О том, как в России оценивают события в молдавской политике, будущее российско-молдавских отношений, беседуем с экспертом, ведущим научным сотрудником Центра евро-атлантической безопасности Института международных исследований МГИМО МИД РФ, главным редактором журнала «Международная аналитика» Сергеем Маркедоновым.
Подпишитесь на новости «ПолитНавигатор» в ТамТам, Яндекс.Дзен, Telegram, Одноклассниках, Вконтакте, каналы YouTube и TikTok.
ПолитНавигатор: Страну возглавила Майя Санду, которую принято называть западным проектом, проводником западной политики. Как вам кажется, теряет ли Россия Молдову, или поводов для алармизма нет? Как смотрит сегодня Россия на Молдову – как на партнера, как на плацдарм для продвижения своих интересов, а может, как на чемодан без ручки, который давно пора отпустить в свободное плавание?

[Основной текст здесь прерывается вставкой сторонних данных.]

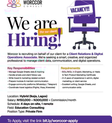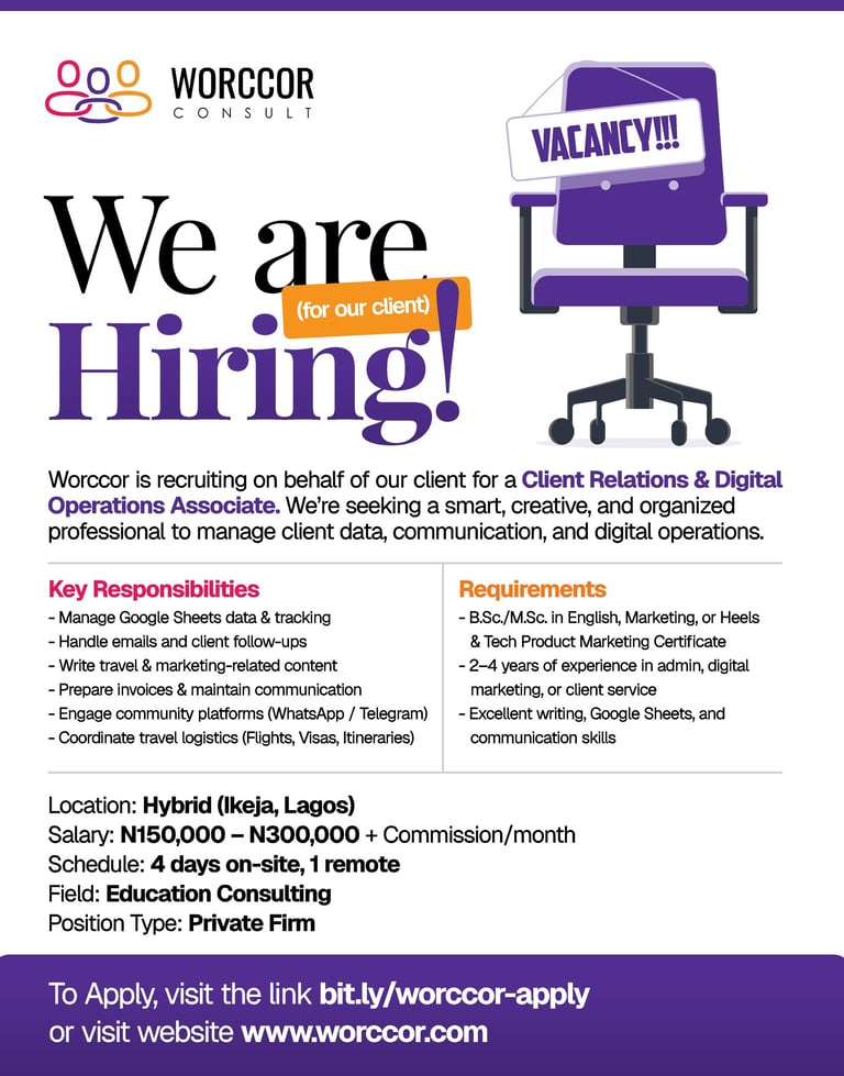 Worccor is recruiting on behalf of our client for a Client Relations & Digital Operations Associate role. We’re looking for a smart, creative, and organized professional to manage client data, communication, and digital operations.

Серей Маркедонов: Для того чтобы оценивать потерю чего-либо, надо понять, принадлежало ли тебе это. В данном случае нужно оценить, чем была Молдова для России до 2020 года. Я думаю, что приход Майи Санду кардинальным образом ничего не меняет. Игорь Додон был президентом, который себя позиционировал как сторонник сближения с Россией. Но так ли все было однозначно? Напомню, что в его президентство, в 2017 году, Конституционный суд признал неконституционным пребывание российских солдат на территории Приднестровья. Если говорить о деятельности правительства, которое до прошлого года возглавляли люди, не вполне лояльные Додону, то там было много и практических действий, и заявлений, которые тоже с трудом квалифицируются как пророссийские, например, обустройство совместных КПП с Украиной на приднестровско-украинском участке границы.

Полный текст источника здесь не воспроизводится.